A long month later when I finally left the hospital, I still hadn’t gotten my kidney function back. Honestly, though, that was okay. It was okay because of what happened the first Friday I was admitted. That was the day I realized I was going to die. Looking back, it was from that point that my life consisted of everything that happened before that Friday, and everything that happened after.
On that Friday afternoon, just as my husband, daughter and father arrived in my room, I had an allergic reaction to a medication I was given. Not a, “Oh no, this doesn’t agree with me,” kind of reaction. It was more of a, “Look! My dad’s here … wait, I can’t breathe! I’m dying! I’m dying!” reaction. My husband hurriedly removed my daughter, but my dad was still in eye shot as every doctor in the hospital poured into my room.
For me, this is how I pin point what love is: The strength in my dad’s eyes that day when, in the craziness of the moment, our eyes locked on each other. We both knew I was getting ready to die. It was the scariest moment of my life. My dad was eventually pushed out of the room as they called for a crash cart. Teams of doctors and nurses poured into my room as my throat was quickly closing. Looking at a closest nurse I gasped, “Am I going to die?”
Later that afternoon, waking up in the ICU, I was told I was finally stabilized. That evening, I ended up feeling so good that I was actually talking and laughing with my family. In my head I thought, “I’m going to be okay. It can’t get any worse than what I just experienced.”
Boy was I wrong.
My stability was short-lived as Friday night the infection decided to wreak havoc again. Fading quickly, panic set in again. My lungs were rapidly filling up with fluid. In fact, I can actually remember feeling it rising through my body, until it ultimately filled my mouth, to the point of choking. Everything went black.
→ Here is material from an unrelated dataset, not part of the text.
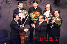 圖片:江澤民稱贊王健的演奏“動(dòng)人心弦” 2000年12月20日 16:42 國(guó)家主席江澤民在旅歐青年大提琴家王健演奏中國(guó)民樂《二泉映月》后,稱贊他的演奏“動(dòng)人心弦”。中新社傳真滿會(huì)喬攝 |

The doctors would later tell me I essentially drowned in my own bodily fluids that night.
I wonder sometimes, and worry, about what my husband went through during this time, and what my parents went through too. I know it wasn’t good, because while I was in oblivion, they were in the middle of it. I know this because I was in a coma and didn’t wake up until the following Monday morning at 4am. I wish I could’ve saved them from those moments, but I had no idea.
That’s how fast and easy it was for HUS to take things from me. It took and took and took and eventually, it got a permanent spot in my chest – a dialysis port, so that I could go home and spend 4 hours at a time, hooked to a machine that did what my kidneys used to do on their own.
For months, it was impossible to function in my daily life. Time away from my family, and time away from my life – all of it taken from me. Stolen by something I couldn’t see, couldn’t hold, couldn’t understand. All it took was one mistake; a mistake I didn’t know I was making. I ate something somewhere, that wasn’t supposed to be where it was. I got food poisoning.
Unlike some, I survived … I regained my kidney function, and lived to tell the tale. Today I’m at high risk for future kidney failure, and the risk of infection is greater than ever. The struggle with high blood pressure and memory loss continues.
I don’t believe in asking God why things happen. It happened. And now my hope is that because I got this, and I’m speaking out, someone else won’t have to go through the same thing. But just as easily as it happened to me, it can happen to you too. Educate yourself, your family, and community. Help stop foodborne illness.